Are mass bird deaths really that common?

I can’t help but write about the recent wildlife deaths that have been occurring all across the world. I paint dead birds every day but the news and images that have been popping up all over the internet, and now the main news channels, are quite disturbing – even to me.

Google’s map of wildlife deaths throughout the world.

With Fox news playing R.E.M.’s “End of the World” and sensationalizing (rather than de-escalating) the many apocalyptic theories that have been generated about these events (I place my vote for aliens), I have to wonder just how atypical these events are.

As anyone with the History channel will surely attest, our society has become rather obsessed with doomsday philosophies  – it would come as no surprise that the media would jump on such prophetic rumblings regardless of legitimate discrepancy.
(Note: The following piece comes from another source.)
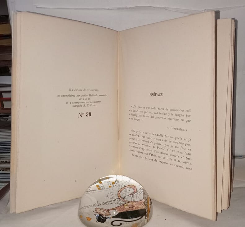 Exemplaire numéroté 30/30 sur papier Hollande. Bon état malgré petites rousseurs sur couverture et pages de garde intérieur en excellent état non coupé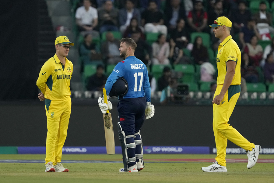 England posted a massive 351 for 8 against Australia in their ICC Champions Trophy clash in Lahore, with Ben Duckett leading the charge with 165 off 143 balls.

In all the reading I’ve done about birds and their migratory habits I’ve become quite aware of how the slightest changes can have disastrous results. Discovery News agrees with this point of view and in their recent article Birds Falling From the Sky Not Unusual, reporter Emily Sohn reviews some of the history of such events, bringing to light how much these recent deaths have possibly been blown out of proportion in the media. An article by Seth Borenstien on Yahoo! news relates even more convincing (and well researched) information supporting the argument that mass die-offs aren’t at all that uncommon – in fact on average 163 such events are reported in North America alone.

Despite such seemingly reassuring (and completely depressing) statistics, the reality that so many species have turned up dead all across the world on a regular basis is still alarming. Statistics of past occurrences are disconcerting and it seems that in general the cause is often theorized as a result of some human catalyst.

I’ve always been concerned with ecological issues and although my work is about personal and social concepts, I have never disregarded the fact that my works have an ecological undertone; I’m rather supportive of this interpretation.

Field Sparrow, 22x30, graphite on paper, 2010

The recent media hype about end-of-the-world mass deaths is scary to me, simply because I wasn’t aware of how often stuff like this happens. If anything, media exploitation does bring to light some very real ecological issues. I have little doubt that many of these events would have fallen into the abyss of internet archives were it not for the New Year’s Eve blackbirds in Beebe, AR (which did not so much fall from the sky as fly toward the ground in extreme confusion and terror).

I’m also a bit worried about the fallout of such focus on the reception of my work. I don’t want to be ‘pigeon holed’ into some category by events like this. My work is about a lot of things and none of them were rooted in recent media frenzy. In some ways the very first bits of news that surfaced provided some images that positively reinforced some of my visual ideas, but now that everything is being blown out of proportion – the threat of some perceive referential content is rather disconcerting. (Sigh)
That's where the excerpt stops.